● Aim of the task:
The whole listing needs to be written out exactly, except for any images.

[[ Data section open ]]

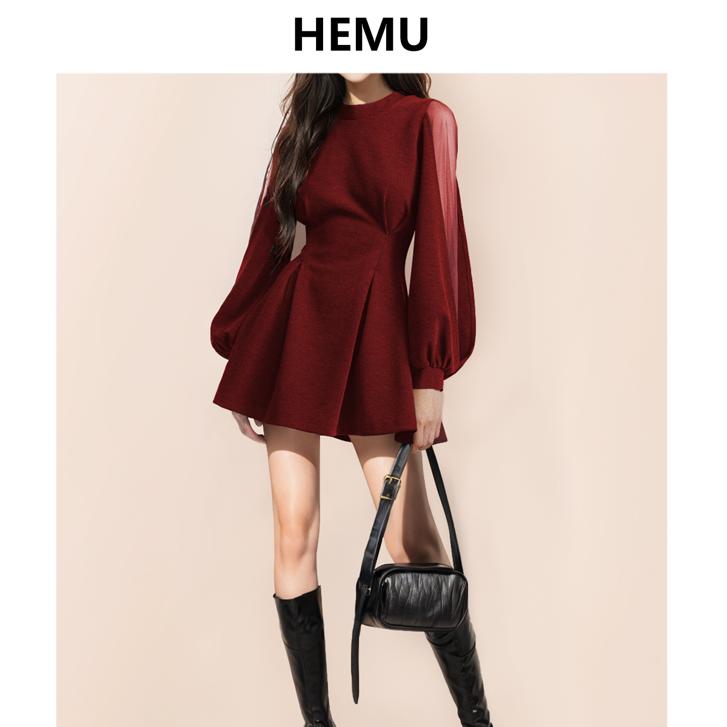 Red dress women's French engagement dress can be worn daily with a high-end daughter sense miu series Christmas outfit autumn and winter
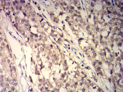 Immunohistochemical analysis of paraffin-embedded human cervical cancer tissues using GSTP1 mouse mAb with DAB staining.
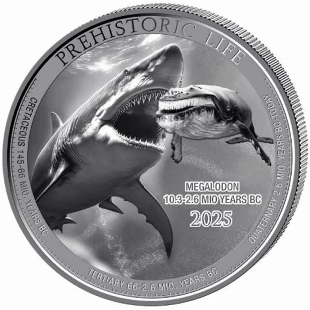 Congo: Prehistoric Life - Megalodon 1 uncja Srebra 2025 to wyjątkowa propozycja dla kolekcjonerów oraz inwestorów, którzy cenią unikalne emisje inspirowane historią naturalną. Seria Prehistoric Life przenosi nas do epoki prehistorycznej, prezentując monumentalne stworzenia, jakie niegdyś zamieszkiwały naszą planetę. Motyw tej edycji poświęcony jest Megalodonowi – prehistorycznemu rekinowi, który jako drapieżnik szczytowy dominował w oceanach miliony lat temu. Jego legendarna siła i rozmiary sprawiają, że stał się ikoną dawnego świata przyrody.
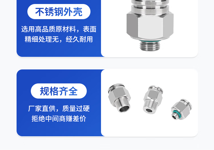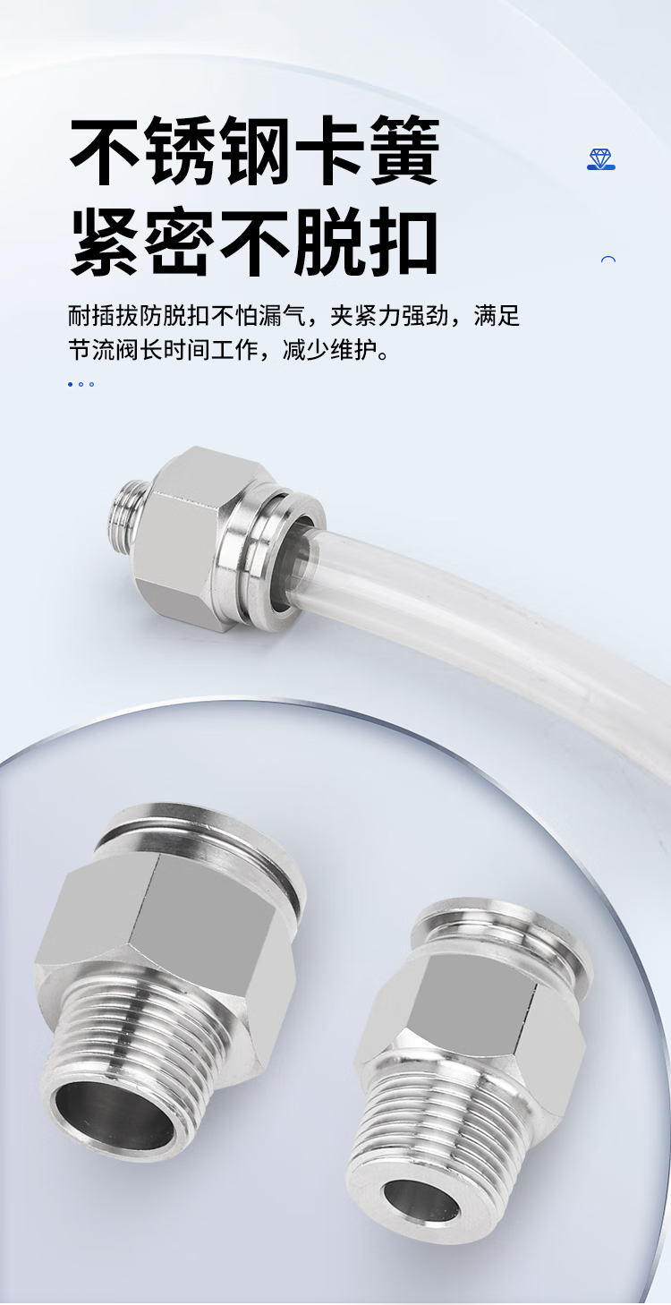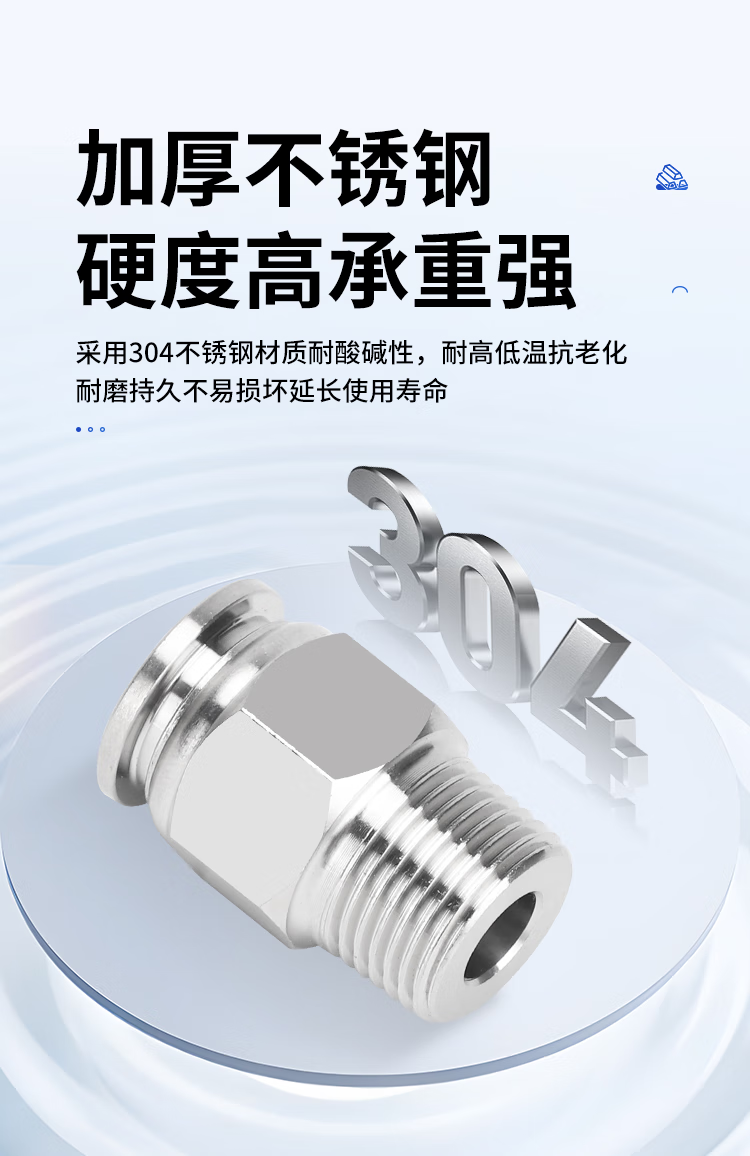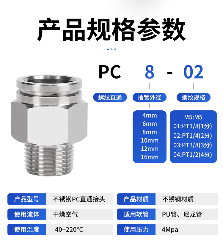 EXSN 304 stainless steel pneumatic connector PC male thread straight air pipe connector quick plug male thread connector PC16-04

[[ Data section closed ]]

● Solution:
 Red dress women's French engagement dress can be worn daily with a high-end daughter sense miu series Christmas outfit autumn and winter
 Immunohistochemical analysis of paraffin-embedded human cervical cancer tissues using GSTP1 mouse mAb with DAB staining.
 Congo: Prehistoric Life - Megalodon 1 uncja Srebra 2025 to wyjątkowa propozycja dla kolekcjonerów oraz inwestorów, którzy cenią unikalne emisje inspirowane historią naturalną. Seria Prehistoric Life przenosi nas do epoki prehistorycznej, prezentując monumentalne stworzenia, jakie niegdyś zamieszkiwały naszą planetę. Motyw tej edycji poświęcony jest Megalodonowi – prehistorycznemu rekinowi, który jako drapieżnik szczytowy dominował w oceanach miliony lat temu. Jego legendarna siła i rozmiary sprawiają, że stał się ikoną dawnego świata przyrody.
 EXSN 304 stainless steel pneumatic connector PC male thread straight air pipe connector quick plug male thread connector PC16-04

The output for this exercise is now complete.